• [Recorded information]:
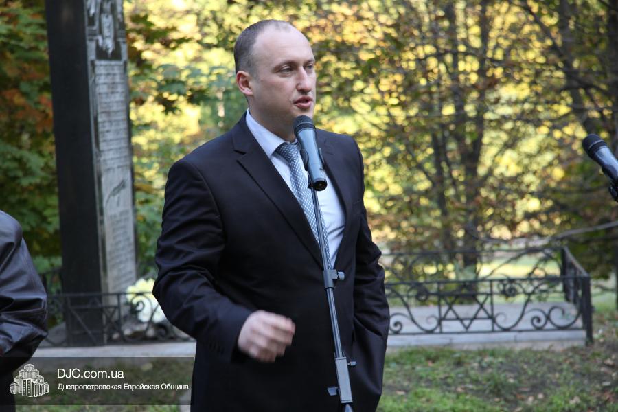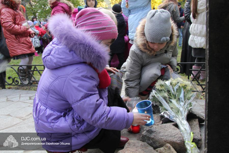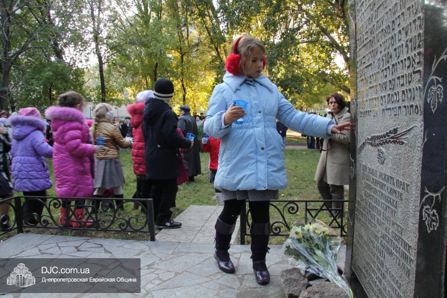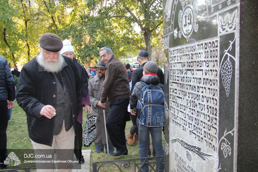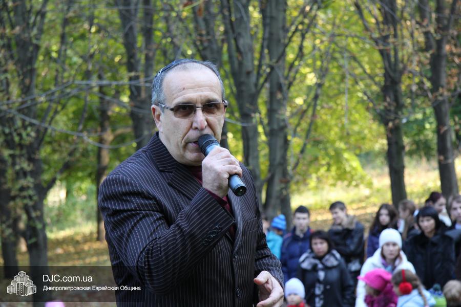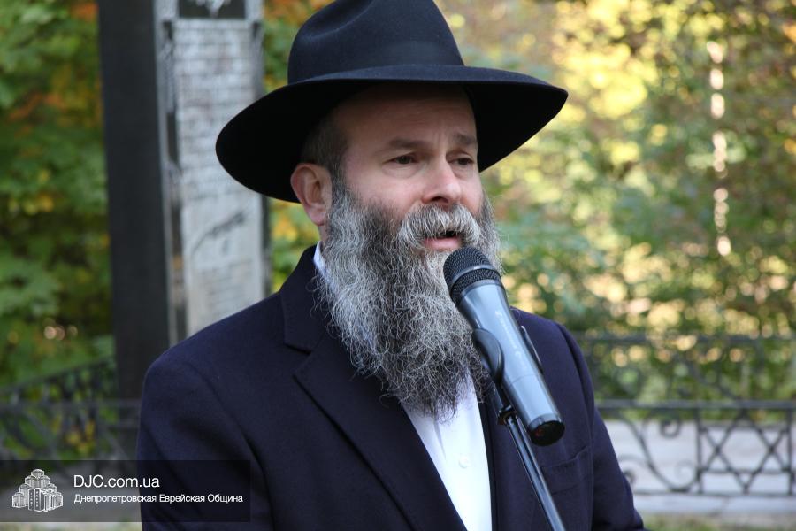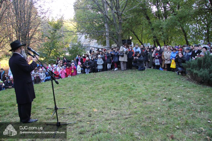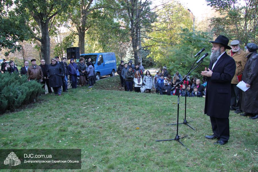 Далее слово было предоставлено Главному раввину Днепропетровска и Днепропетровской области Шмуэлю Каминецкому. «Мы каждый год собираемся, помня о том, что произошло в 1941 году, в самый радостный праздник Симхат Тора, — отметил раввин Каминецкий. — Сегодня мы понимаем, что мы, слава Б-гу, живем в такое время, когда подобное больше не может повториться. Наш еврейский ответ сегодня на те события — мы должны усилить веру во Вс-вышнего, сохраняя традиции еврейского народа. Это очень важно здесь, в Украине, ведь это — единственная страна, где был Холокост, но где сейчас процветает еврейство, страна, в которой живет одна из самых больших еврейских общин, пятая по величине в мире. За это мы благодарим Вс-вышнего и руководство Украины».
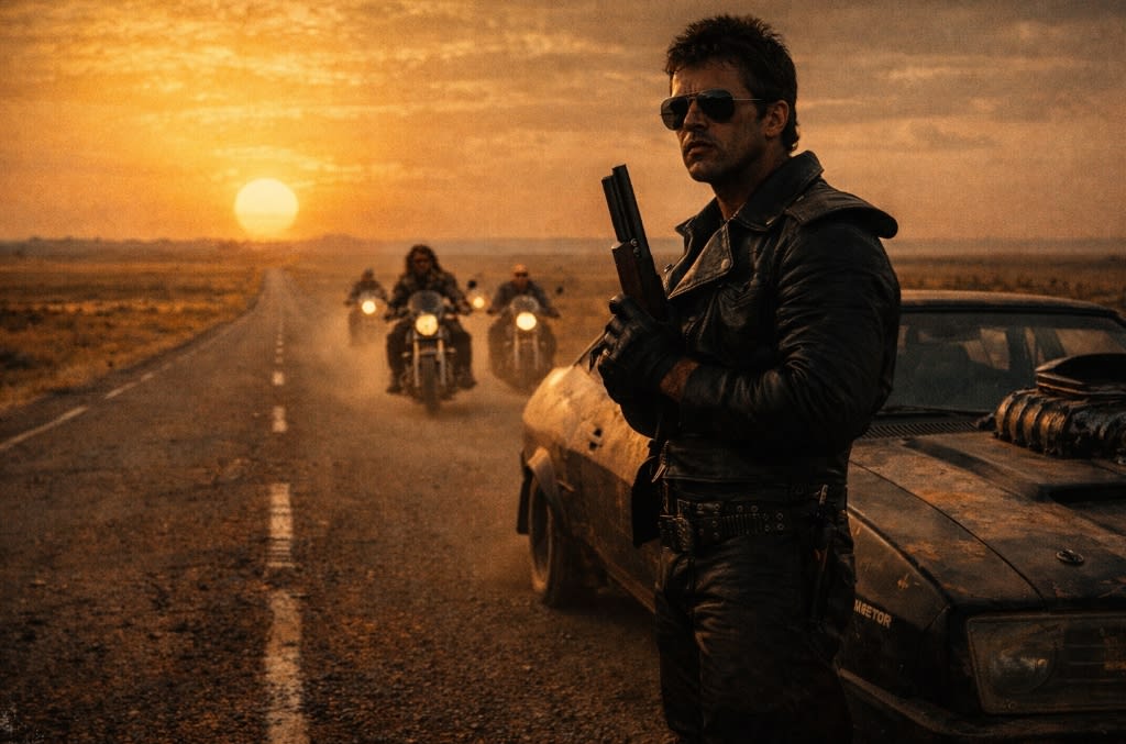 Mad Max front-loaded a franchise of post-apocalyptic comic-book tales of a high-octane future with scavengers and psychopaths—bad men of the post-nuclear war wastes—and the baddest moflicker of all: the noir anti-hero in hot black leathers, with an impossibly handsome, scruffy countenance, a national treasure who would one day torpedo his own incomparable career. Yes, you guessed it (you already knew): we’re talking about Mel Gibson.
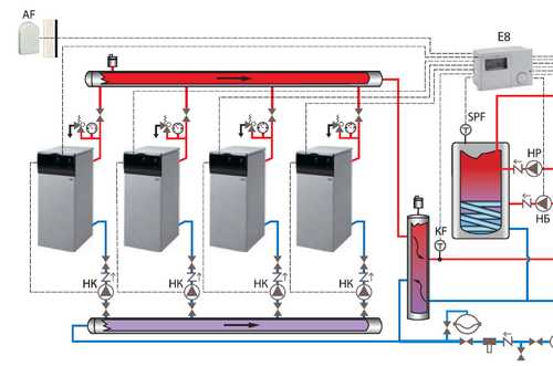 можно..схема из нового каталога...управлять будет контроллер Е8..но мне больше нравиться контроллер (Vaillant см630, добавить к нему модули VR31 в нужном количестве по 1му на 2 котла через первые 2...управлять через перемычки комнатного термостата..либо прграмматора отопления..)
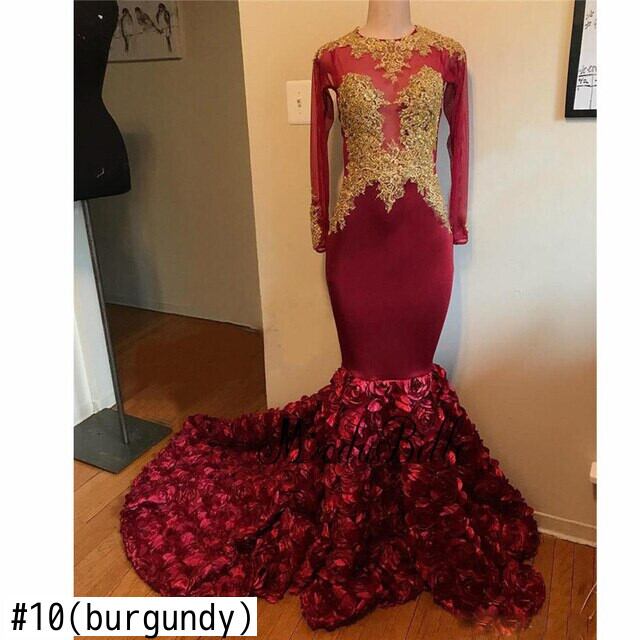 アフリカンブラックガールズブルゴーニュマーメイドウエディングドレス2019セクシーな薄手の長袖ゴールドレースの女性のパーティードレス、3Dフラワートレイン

• [Required work]:
The answer should consist only of the lines from the line with "можно..схема из нового" through the last line of the data, repeated exactly; pictures stay out.

• [Written response]:
 можно..схема из нового каталога...управлять будет контроллер Е8..но мне больше нравиться контроллер (Vaillant см630, добавить к нему модули VR31 в нужном количестве по 1му на 2 котла через первые 2...управлять через перемычки комнатного термостата..либо прграмматора отопления..)
 アフリカンブラックガールズブルゴーニュマーメイドウエディングドレス2019セクシーな薄手の長袖ゴールドレースの女性のパーティードレス、3Dフラワートレイン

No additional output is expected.